This year there were some major European nations which did not participate. Next year, it seems that there will be many fewer such countries. There is good reason to hope that that EGMO 3 will be held in Turkey, but we await final confirmation of this. Applications to host EGMO n for n ≥ 4 should be directed to the Provisional EGMO Advisory Board. The chair is Birgit van Dalen of the Netherlands, on email@example.com
The journey home was another adventure. First we stood in the cold outside the students’ hotel for an hour, until the news came through that Mar del Plata air-traffic control was taking industrial action. Why does an airport that takes two planes per day need air-traffic control? The people who have to make a sharp airport change in Buenos Aires are put on a bus to the capital. I have a leisurely change, so I elect to gamble on there being a flight at some point. People like me go by bus to Mar del Plata airport to do some serious waiting. There I run into the leaders of the highly successful Saudi IMO team who have travelled to the airport independently. One of them, Abdulaziz Al-Harthi, has to make a very rapid change in Buenos Aires, and his embassy has laid on a car for him. He offers me a lift, and I ponder the relative attractions of this new offer, and the worthy Manuel Tienda Lexión bus, and make a rather easy choice. Thank you Abdulaziz. The local flight takes off at lunchtime, and we cross Buenos Aires at pace.

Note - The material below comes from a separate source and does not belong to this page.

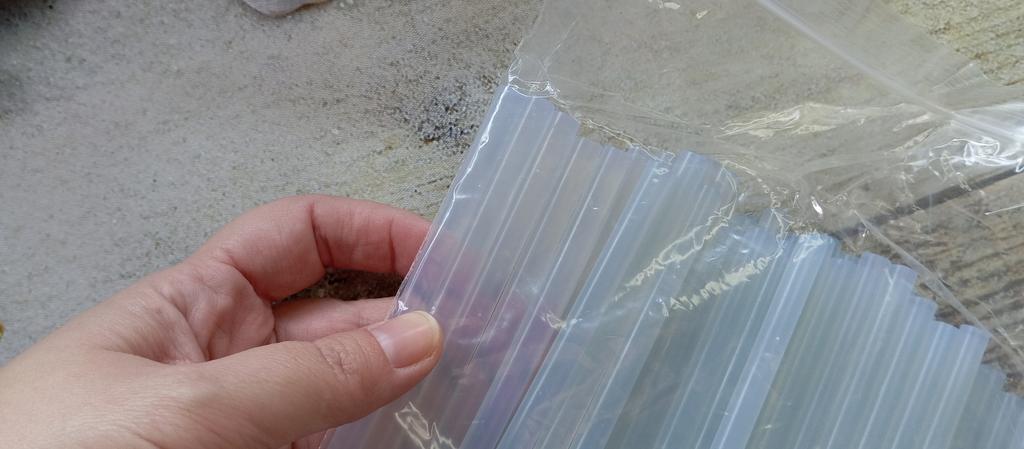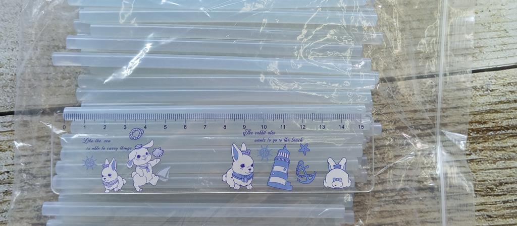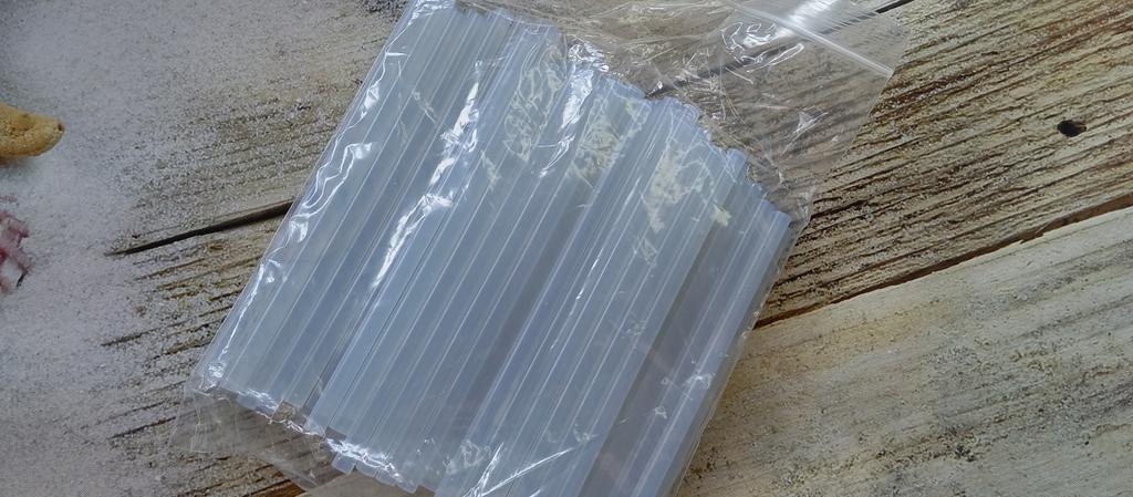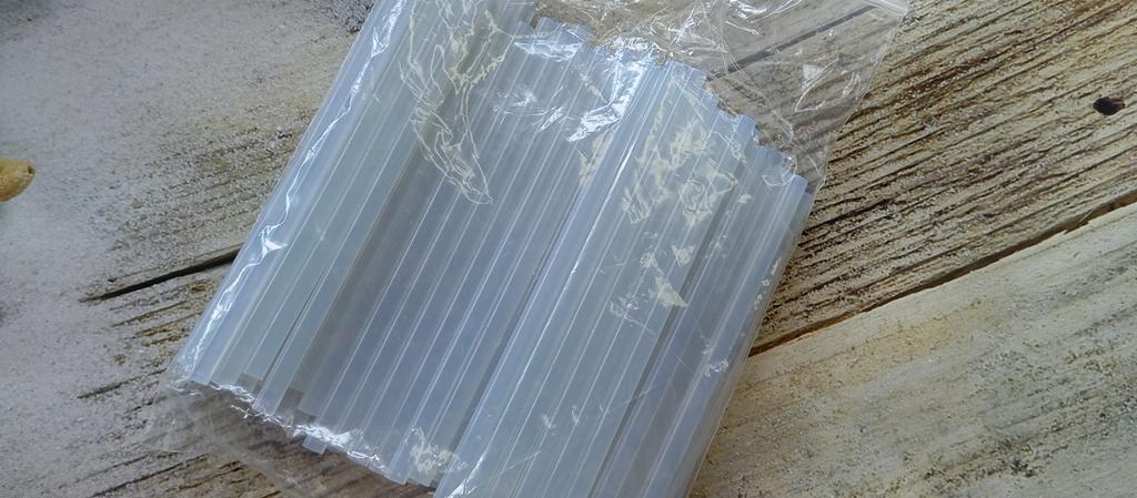 Balení tavných tyčinek. Balení obsahuje 50 tyčinek, které lze použít pro velký i malý dávkovač (já ho používám pro malý a funguje perfektně). Jsou průhledné. Objednal jsem si velké balení, ale pokud nepotřebujete tolik, jsou k dispozici balení po 5, 10 a 20 tyčinkách.. Každá tyčinka měří přibližně 16 centimetrů Fungují super dobře, doporučuji je.

I still have plenty of time left, and this time I am properly prepared for the journey north: shorts and lots of water, and of course piano wire in case they put me next to another snorer. In fact all is well, and I have a very pleasant flight back to Europe.
Now, some shameless advertizing: my twitter address is @GeoffBath. My UKMT book “A Mathematical Olympiad Primer” is now greatly extended, and includes an extra four years worth of problems. It is available at http://www.mathcomp.leeds.ac.uk/publications/, and since virtually all the 14–16 year olds of your country will no doubt wish to read it, note the UKMT bulk discount offer.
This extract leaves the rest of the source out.